**WHAT THE TASK ASKS**
Retype all of the data word for word, without pictures.

**THE DATA**
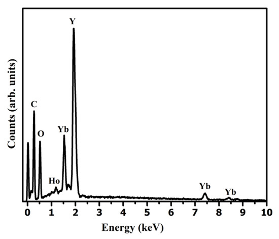 The morphologies and elemental analyses of the prepared samples were studied using SEM and EDS, respectively. Figure 2 displays the SEM images of the prepared phosphors. All the images exhibited agglomerated spherical nanoparticles. The addition of Ho3+, Yb3+ did not change the morphology of the Y2O3 host. The EDS spectra of the Y2−x−yO3:Hox=0.005, Yby=0.2 are displayed in Figure 3. All the Y, O, Yb, and Ho elements expected in the sample were observed, which confirms the successful incorporation of Ho3+ and Yb3+ into the Y2O3 host. In addition, carbon was also detected in the spectrum, which could be from the carbon tape used when mounting the samples. The extra peak detected around 0.03 keV is due to electronic noise within the system. No impurities were detected in the spectra, which agrees with the XRD results.
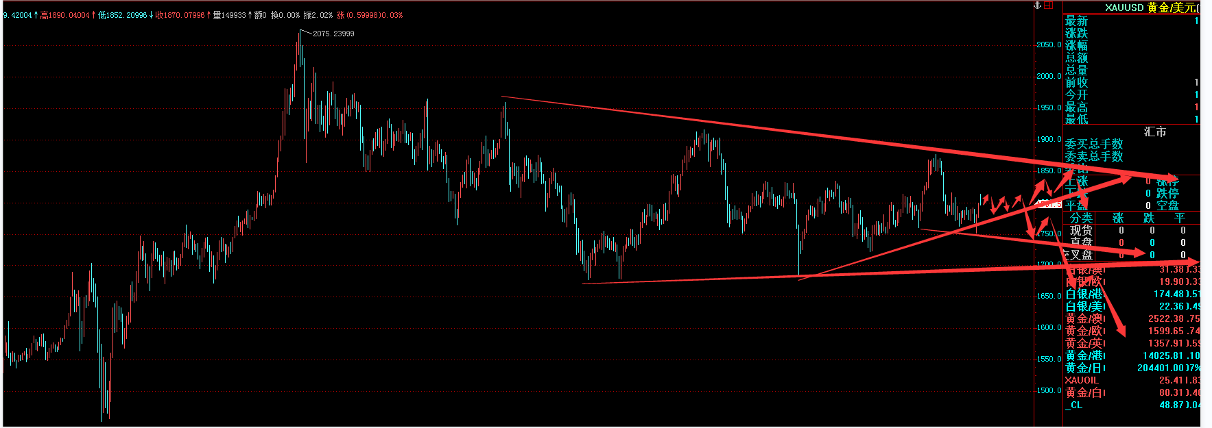技术面上,本周黄金白银走了先跌后涨的行情,而整体变成是17号低点之后出现了强势反弹,而这个反弹将是持续看到20号,而20号之后将持续复杂的震荡到23号,重点看23号转折,之后看到月底,所以核心就在这里,如何布局到时候日内策略会进一步的精确分析,但是当下我还不好判断高低点。另外就是下周重点关注1750与1815的区间突破是关键,有很大的可能在1815与1770的区间进行的复杂的震荡,之前也是如此,所以这里一定要注意节奏的发展,而白银重点看21.4与23的区间突破,整体可能也是在这个先是复杂的震荡,之后再看变盘情况!更多的是以日内策略为准,预期下周走势路径分析图:
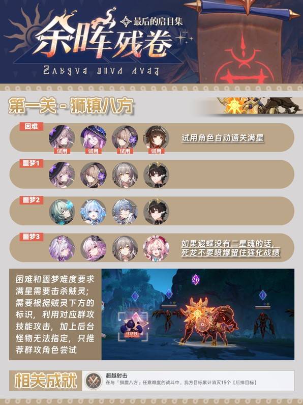 正文摘要:《崩壞:星穹鐵道》餘暉殘卷全關卡配隊攻略 快速閱讀精華 🚀 核心目標: 輕鬆掌握《餘暉殘卷》5大關卡攻略,完整獲取所有活動獎勵!🔑 關鍵策略: 每個關卡都有「特殊環境」,隊伍配置需靈活應對,本攻略將為您整理最佳配隊思路。💡 專家提示: 提前瞭解關卡特性與敵人弱點,是您通關的致勝關鍵。 本文章目錄.article-toc { border: 1px solid #ddd; padding: 15px; background: #f9f9f9; border-radius: 6px; margin: 20px 0; width: 95%;}.toc-title { /* --- 以下是合併進來的 H2 樣式 --- */ font-size: 1.25em; /* 125% */ border-left: 5px solid #2A98DA; border-radius: 2px; padding: 5px 0px 5px 10px; font-weight: bold; margin: 0 0 15px 0; /* 調整了 margin,只留下方 15px */ color: #333; line-height: 1.5; background-color: #f8f8f8; /* --- 樣式合併結束 --- */}.toc-list { list-style: none; padding-left: 0;}.toc-list li { margin: 8px 0;}.toc-list a { color: #2A98DA; text-decoration: none;}.toc-list a:hover { text-decoration: underline;}.back-to-top { display: block; margin-top: 10px; font-size: 0.9em; color: #666;} 《餘暉殘卷》活動概覽與挑戰重點document.currentScript.previousElementSibling.href = location.href.split('#')[0] + '#intro'; - 餘暉殘卷:第一關「環境應對」配隊整理document.currentScript.previousElementSibling.href = location.href.split('#')[0] + '#stage1'; - 餘暉殘卷:第二關「環境應對」配隊整理document.currentScript.previousElementSibling.href = location.href.split('#')[0] + '#stage2'; - 餘暉殘卷:第三關「環境應對」配隊整理document.currentScript.previousElementSibling.href = location.href.split('#')[0] + '#stage3'; - 餘暉殘卷:第四關「環境應對」配隊整理document.currentScript.previousElementSibling.href = location.href.split('#')[0] + '#stage4'; - 餘暉殘卷:第五關「環境應對」配隊整理document.currentScript.previousElementSibling.href = location.href.split('#')[0] + '#stage5'; 《崩壞:星穹鐵道》餘暉殘卷重點回顧document.currentScript.previousElementSibling.href = location.href.split('#')[0] + '#conclusion'; 餘暉殘卷_常見問題Q&Adocument.currentScript.previousElementSibling.href = location.href.split('#')[0] + '#faq'; 《餘暉殘卷》活動概覽與挑戰重點 各位開拓者,大家好!在《崩壞:星穹鐵道》的浩瀚星海中,一項名為「餘暉殘卷」的活動正等著您來挑戰。這項活動共設有五個獨特關卡,每個關卡都擁有其「特殊環境」設定,這意味著我們無法一套陣容打天下,必須針對性地調整隊伍配置,才能順利通關並抱回豐厚獎勵! 本攻略將帶您深入瞭解《餘暉殘卷》的各關卡特性,並提供專業的配隊參考,幫助您輕鬆應對所有挑戰,確保您不錯過任何一份獎勵。我們實測後發現,靈活運用角色的屬性與技能,並搭配關卡環境所提供的祝福或限制,是成功通關的關鍵所在。 餘暉殘卷:第一關「環境應對」配隊整理 針對《餘暉殘卷》的第一關,我們需要密切關注其特殊的環境設定。雖然詳細的環境條件與推薦隊伍資訊在當前資料中未能完整呈現,但根據活動設計的邏輯,首要目標通常是建立一個穩固的基礎隊伍,能夠應對多數敵人類型。 專家建議: 挑戰第五關時,本攻略建議您將所有可用的資源與最佳策略投入其中。除了考量敵方弱點與環境效果外,還需注重隊伍的爆發輸出能力與應急處理能力。若關卡允許,可嘗試根據敵方不同階段特性,預設不同的應對策略。這將是您奪取所有獎勵的最後一道考驗! 《崩壞:星穹鐵道》餘暉殘卷重點回顧 《餘暉殘卷》活動共計有五個各具「特殊環境」的挑戰關卡。每個關卡都需要開拓者針對其環境特性,靈活調整配隊策略,才能獲得所有獎勵。掌握關卡資訊、善用角色優勢與合理分配資源,是成功通關並獲取全部獎勵的關鍵。 以下廣告滑動後還有帖子內容var custom_call_MIR = function (params) {if ( params === null || params.hasAd === false ) {var divRowSide;for (let index = 0; index < ONEADs.length; index++) {if (ONEADs[index].pub.player_mode === "mobile-inread") {divRowSide = ONEADs[index].pub.slotobj;}}var ins = document.createElement('ins');ins.className = 'clickforceads';ins.setAttribute('style', 'display:inline-block;');ins.setAttribute('data-ad-zone', '18264');divRowSide.appendChild(ins);var js = document.createElement('script');js.async = true;js.type = 'text/javascript';js.setAttribute('src', '//cdn.holmesmind.com/js/init.js');js.onload = function(){console.log('[ONEAD MIR] ClickForce Loaded');};divRowSide.appendChild(js);}};var _ONEAD = {};_ONEAD.pub = {};_ONEAD.pub.slotobj = document.getElementById("oneadMIRDFPTag");_ONEAD.pub.slots = ["div-onead-ad"];_ONEAD.pub.uid = "1000509";_ONEAD.pub.external_url = "https://onead.onevision.com.tw/";_ONEAD.pub.scopes = ["spotbuy", "speed"];_ONEAD.pub.player_mode_div = "div-onead-ad";_ONEAD.pub.player_mode = "mobile-inread";_ONEAD.pub.queryAdCallback = custom_call_MIR;var ONEAD_pubs = ONEAD_pubs || [];ONEAD_pubs.push(_ONEAD);var truvidScript = document.createElement('script'); truvidScript.async = true; truvidScript.setAttribute('data-cfasync','false'); truvidScript.type = 'text/javascript'; truvidScript.src = '//stg.truvidplayer.com/index.php?sub_user_id=597&widget_id=3309&playlist_id=2381&m=a&cb=' + (Math.random() * 10000000000000000); var currentScript = document.currentScript || document.scripts[document.scripts.length - 1]; currentScript.parentNode.insertBefore(truvidScript, currentScript.nextSibling); 餘暉殘卷_常見問題Q&A Q:《餘暉殘卷》活動總共有幾關? A:《餘暉殘卷》活動共計有五個獨立的挑戰關卡,每個關卡都有其獨特的「特殊環境」設定。 Q:為什麼每個關卡都需要不同的配隊? A:根據我們專家的分析,遊戲設計師為
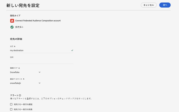 アラートについて詳しくは、UI を使用した宛先へのアラートの登録についての Adobe Experience Platform ドキュメントを参照してください。

**REPLY**
 The morphologies and elemental analyses of the prepared samples were studied using SEM and EDS, respectively. Figure 2 displays the SEM images of the prepared phosphors. All the images exhibited agglomerated spherical nanoparticles. The addition of Ho3+, Yb3+ did not change the morphology of the Y2O3 host. The EDS spectra of the Y2−x−yO3:Hox=0.005, Yby=0.2 are displayed in Figure 3. All the Y, O, Yb, and Ho elements expected in the sample were observed, which confirms the successful incorporation of Ho3+ and Yb3+ into the Y2O3 host. In addition, carbon was also detected in the spectrum, which could be from the carbon tape used when mounting the samples. The extra peak detected around 0.03 keV is due to electronic noise within the system. No impurities were detected in the spectra, which agrees with the XRD results.
技术面上,本周黄金白银走了先跌后涨的行情,而整体变成是17号低点之后出现了强势反弹,而这个反弹将是持续看到20号,而20号之后将持续复杂的震荡到23号,重点看23号转折,之后看到月底,所以核心就在这里,如何布局到时候日内策略会进一步的精确分析,但是当下我还不好判断高低点。另外就是下周重点关注1750与1815的区间突破是关键,有很大的可能在1815与1770的区间进行的复杂的震荡,之前也是如此,所以这里一定要注意节奏的发展,而白银重点看21.4与23的区间突破,整体可能也是在这个先是复杂的震荡,之后再看变盘情况!更多的是以日内策略为准,预期下周走势路径分析图:
 正文摘要:《崩壞:星穹鐵道》餘暉殘卷全關卡配隊攻略 快速閱讀精華 🚀 核心目標: 輕鬆掌握《餘暉殘卷》5大關卡攻略,完整獲取所有活動獎勵!🔑 關鍵策略: 每個關卡都有「特殊環境」,隊伍配置需靈活應對,本攻略將為您整理最佳配隊思路。💡 專家提示: 提前瞭解關卡特性與敵人弱點,是您通關的致勝關鍵。 本文章目錄.article-toc { border: 1px solid #ddd; padding: 15px; background: #f9f9f9; border-radius: 6px; margin: 20px 0; width: 95%;}.toc-title { /* --- 以下是合併進來的 H2 樣式 --- */ font-size: 1.25em; /* 125% */ border-left: 5px solid #2A98DA; border-radius: 2px; padding: 5px 0px 5px 10px; font-weight: bold; margin: 0 0 15px 0; /* 調整了 margin,只留下方 15px */ color: #333; line-height: 1.5; background-color: #f8f8f8; /* --- 樣式合併結束 --- */}.toc-list { list-style: none; padding-left: 0;}.toc-list li { margin: 8px 0;}.toc-list a { color: #2A98DA; text-decoration: none;}.toc-list a:hover { text-decoration: underline;}.back-to-top { display: block; margin-top: 10px; font-size: 0.9em; color: #666;} 《餘暉殘卷》活動概覽與挑戰重點document.currentScript.previousElementSibling.href = location.href.split('#')[0] + '#intro'; - 餘暉殘卷:第一關「環境應對」配隊整理document.currentScript.previousElementSibling.href = location.href.split('#')[0] + '#stage1'; - 餘暉殘卷:第二關「環境應對」配隊整理document.currentScript.previousElementSibling.href = location.href.split('#')[0] + '#stage2'; - 餘暉殘卷:第三關「環境應對」配隊整理document.currentScript.previousElementSibling.href = location.href.split('#')[0] + '#stage3'; - 餘暉殘卷:第四關「環境應對」配隊整理document.currentScript.previousElementSibling.href = location.href.split('#')[0] + '#stage4'; - 餘暉殘卷:第五關「環境應對」配隊整理document.currentScript.previousElementSibling.href = location.href.split('#')[0] + '#stage5'; 《崩壞:星穹鐵道》餘暉殘卷重點回顧document.currentScript.previousElementSibling.href = location.href.split('#')[0] + '#conclusion'; 餘暉殘卷_常見問題Q&Adocument.currentScript.previousElementSibling.href = location.href.split('#')[0] + '#faq'; 《餘暉殘卷》活動概覽與挑戰重點 各位開拓者,大家好!在《崩壞:星穹鐵道》的浩瀚星海中,一項名為「餘暉殘卷」的活動正等著您來挑戰。這項活動共設有五個獨特關卡,每個關卡都擁有其「特殊環境」設定,這意味著我們無法一套陣容打天下,必須針對性地調整隊伍配置,才能順利通關並抱回豐厚獎勵! 本攻略將帶您深入瞭解《餘暉殘卷》的各關卡特性,並提供專業的配隊參考,幫助您輕鬆應對所有挑戰,確保您不錯過任何一份獎勵。我們實測後發現,靈活運用角色的屬性與技能,並搭配關卡環境所提供的祝福或限制,是成功通關的關鍵所在。 餘暉殘卷:第一關「環境應對」配隊整理 針對《餘暉殘卷》的第一關,我們需要密切關注其特殊的環境設定。雖然詳細的環境條件與推薦隊伍資訊在當前資料中未能完整呈現,但根據活動設計的邏輯,首要目標通常是建立一個穩固的基礎隊伍,能夠應對多數敵人類型。 專家建議: 挑戰第五關時,本攻略建議您將所有可用的資源與最佳策略投入其中。除了考量敵方弱點與環境效果外,還需注重隊伍的爆發輸出能力與應急處理能力。若關卡允許,可嘗試根據敵方不同階段特性,預設不同的應對策略。這將是您奪取所有獎勵的最後一道考驗! 《崩壞:星穹鐵道》餘暉殘卷重點回顧 《餘暉殘卷》活動共計有五個各具「特殊環境」的挑戰關卡。每個關卡都需要開拓者針對其環境特性,靈活調整配隊策略,才能獲得所有獎勵。掌握關卡資訊、善用角色優勢與合理分配資源,是成功通關並獲取全部獎勵的關鍵。 以下廣告滑動後還有帖子內容var custom_call_MIR = function (params) {if ( params === null || params.hasAd === false ) {var divRowSide;for (let index = 0; index < ONEADs.length; index++) {if (ONEADs[index].pub.player_mode === "mobile-inread") {divRowSide = ONEADs[index].pub.slotobj;}}var ins = document.createElement('ins');ins.className = 'clickforceads';ins.setAttribute('style', 'display:inline-block;');ins.setAttribute('data-ad-zone', '18264');divRowSide.appendChild(ins);var js = document.createElement('script');js.async = true;js.type = 'text/javascript';js.setAttribute('src', '//cdn.holmesmind.com/js/init.js');js.onload = function(){console.log('[ONEAD MIR] ClickForce Loaded');};divRowSide.appendChild(js);}};var _ONEAD = {};_ONEAD.pub = {};_ONEAD.pub.slotobj = document.getElementById("oneadMIRDFPTag");_ONEAD.pub.slots = ["div-onead-ad"];_ONEAD.pub.uid = "1000509";_ONEAD.pub.external_url = "https://onead.onevision.com.tw/";_ONEAD.pub.scopes = ["spotbuy", "speed"];_ONEAD.pub.player_mode_div = "div-onead-ad";_ONEAD.pub.player_mode = "mobile-inread";_ONEAD.pub.queryAdCallback = custom_call_MIR;var ONEAD_pubs = ONEAD_pubs || [];ONEAD_pubs.push(_ONEAD);var truvidScript = document.createElement('script'); truvidScript.async = true; truvidScript.setAttribute('data-cfasync','false'); truvidScript.type = 'text/javascript'; truvidScript.src = '//stg.truvidplayer.com/index.php?sub_user_id=597&widget_id=3309&playlist_id=2381&m=a&cb=' + (Math.random() * 10000000000000000); var currentScript = document.currentScript || document.scripts[document.scripts.length - 1]; currentScript.parentNode.insertBefore(truvidScript, currentScript.nextSibling); 餘暉殘卷_常見問題Q&A Q:《餘暉殘卷》活動總共有幾關? A:《餘暉殘卷》活動共計有五個獨立的挑戰關卡,每個關卡都有其獨特的「特殊環境」設定。 Q:為什麼每個關卡都需要不同的配隊? A:根據我們專家的分析,遊戲設計師為
 アラートについて詳しくは、UI を使用した宛先へのアラートの登録についての Adobe Experience Platform ドキュメントを参照してください。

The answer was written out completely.